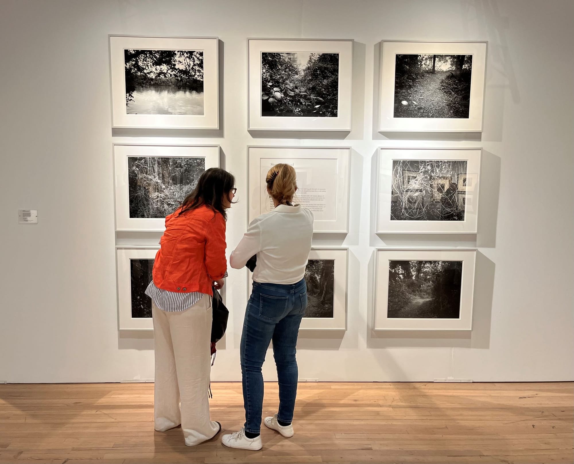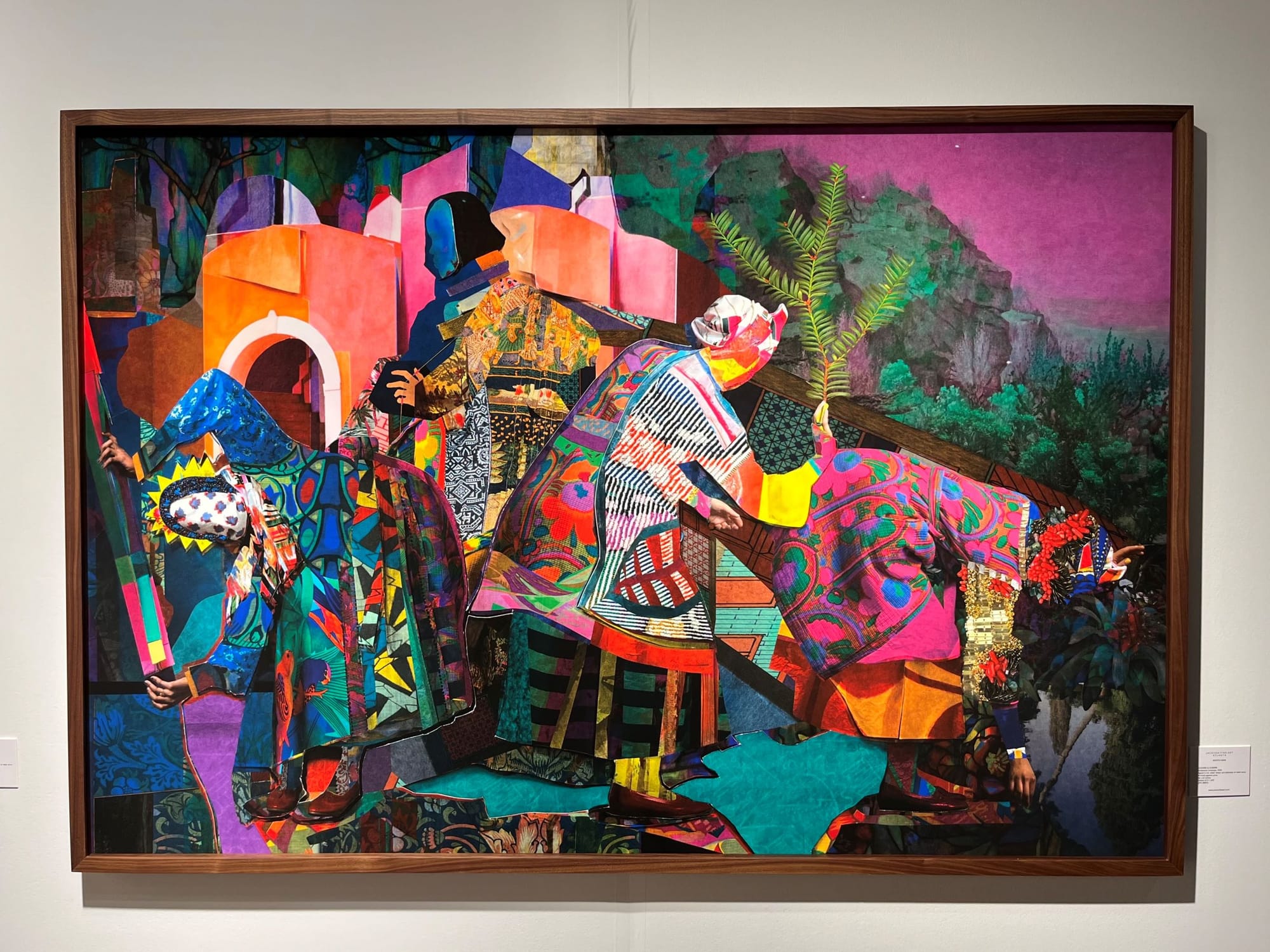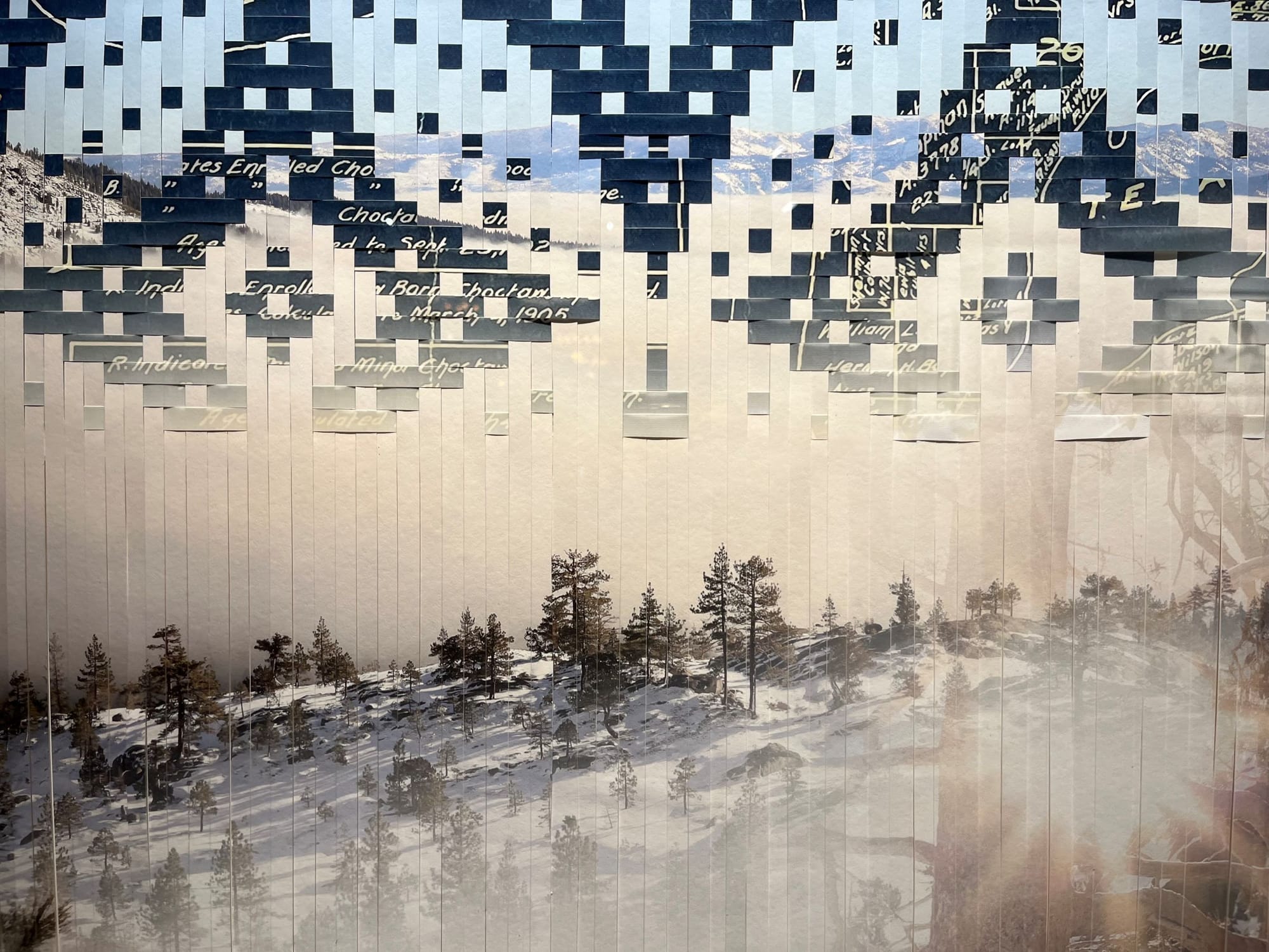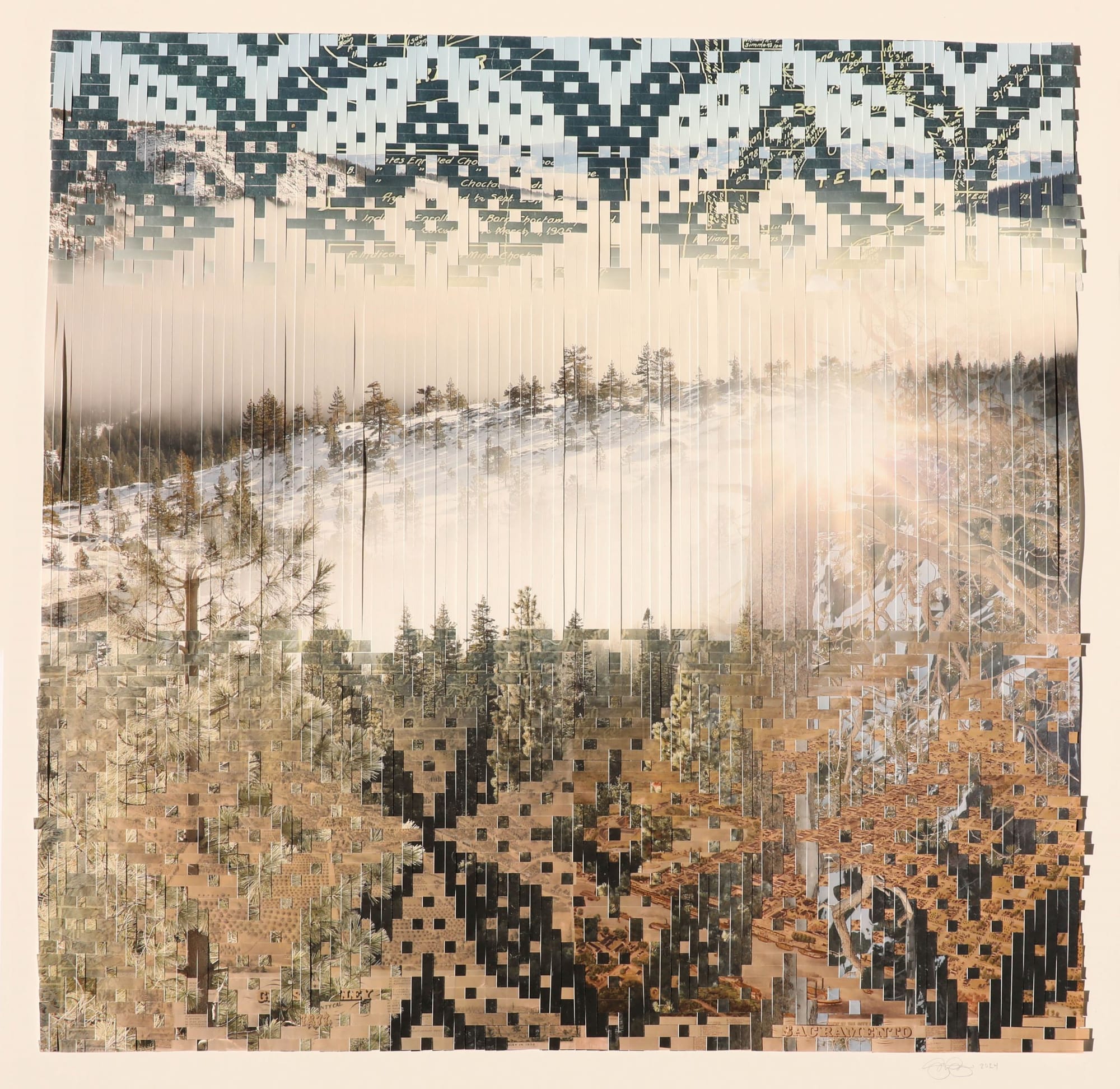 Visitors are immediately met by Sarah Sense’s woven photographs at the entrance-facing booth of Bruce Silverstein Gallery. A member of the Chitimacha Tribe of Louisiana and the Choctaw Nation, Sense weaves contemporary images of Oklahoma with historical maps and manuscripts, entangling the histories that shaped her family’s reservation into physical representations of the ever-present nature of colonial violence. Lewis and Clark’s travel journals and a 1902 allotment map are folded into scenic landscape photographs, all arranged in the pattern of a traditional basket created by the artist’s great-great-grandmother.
...
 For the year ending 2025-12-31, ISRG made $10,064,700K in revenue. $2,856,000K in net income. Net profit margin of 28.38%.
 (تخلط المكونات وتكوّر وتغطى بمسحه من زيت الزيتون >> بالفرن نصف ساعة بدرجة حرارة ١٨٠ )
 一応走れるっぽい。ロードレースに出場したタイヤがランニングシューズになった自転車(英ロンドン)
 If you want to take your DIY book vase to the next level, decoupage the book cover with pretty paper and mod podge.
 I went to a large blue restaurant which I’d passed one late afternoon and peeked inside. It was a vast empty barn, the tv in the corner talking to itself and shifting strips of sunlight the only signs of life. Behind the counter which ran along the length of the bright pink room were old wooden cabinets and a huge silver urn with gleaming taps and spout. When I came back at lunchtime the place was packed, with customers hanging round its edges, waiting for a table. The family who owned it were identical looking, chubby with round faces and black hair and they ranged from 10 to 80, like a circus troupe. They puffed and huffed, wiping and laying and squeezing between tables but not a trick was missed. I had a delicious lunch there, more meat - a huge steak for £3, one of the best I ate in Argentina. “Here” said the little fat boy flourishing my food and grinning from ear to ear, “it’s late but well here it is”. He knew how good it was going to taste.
--
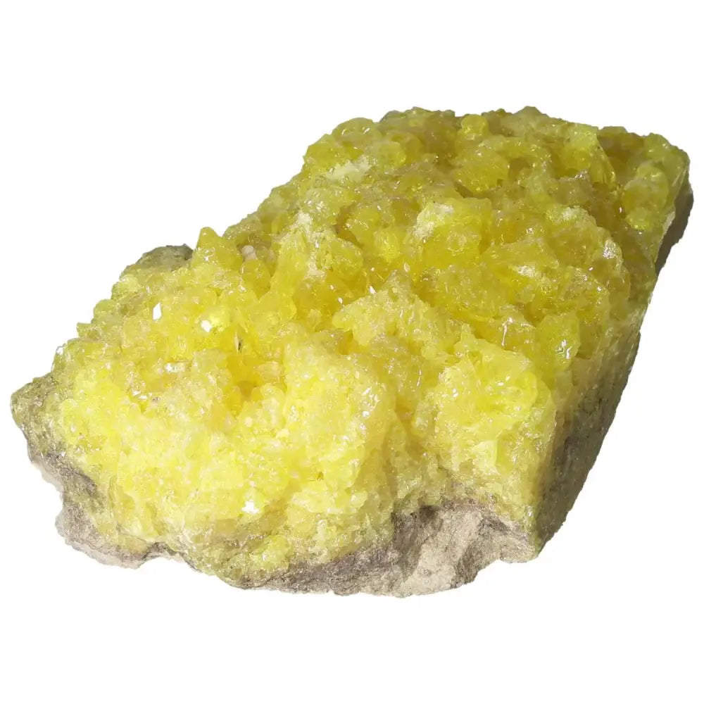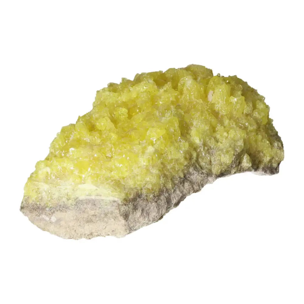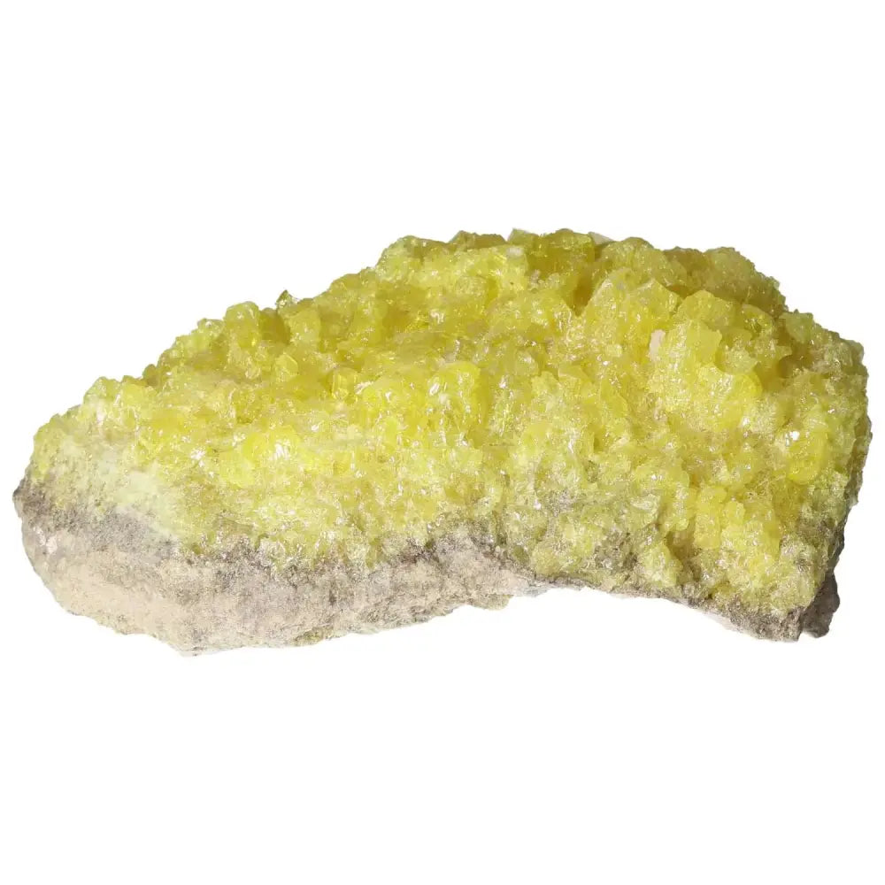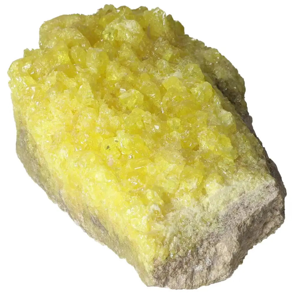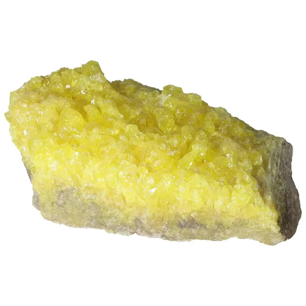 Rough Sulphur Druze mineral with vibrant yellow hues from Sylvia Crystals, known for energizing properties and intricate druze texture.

Your assignment: From the records above, retype only the lines starting at the line that contains "(تخلط المكونات وتكوّر" and ending at the line that contains "I went to a", both included.

Response box:
 (تخلط المكونات وتكوّر وتغطى بمسحه من زيت الزيتون >> بالفرن نصف ساعة بدرجة حرارة ١٨٠ )
 一応走れるっぽい。ロードレースに出場したタイヤがランニングシューズになった自転車(英ロンドン)
 If you want to take your DIY book vase to the next level, decoupage the book cover with pretty paper and mod podge.
 I went to a large blue restaurant which I’d passed one late afternoon and peeked inside. It was a vast empty barn, the tv in the corner talking to itself and shifting strips of sunlight the only signs of life. Behind the counter which ran along the length of the bright pink room were old wooden cabinets and a huge silver urn with gleaming taps and spout. When I came back at lunchtime the place was packed, with customers hanging round its edges, waiting for a table. The family who owned it were identical looking, chubby with round faces and black hair and they ranged from 10 to 80, like a circus troupe. They puffed and huffed, wiping and laying and squeezing between tables but not a trick was missed. I had a delicious lunch there, more meat - a huge steak for £3, one of the best I ate in Argentina. “Here” said the little fat boy flourishing my food and grinning from ear to ear, “it’s late but well here it is”. He knew how good it was going to taste.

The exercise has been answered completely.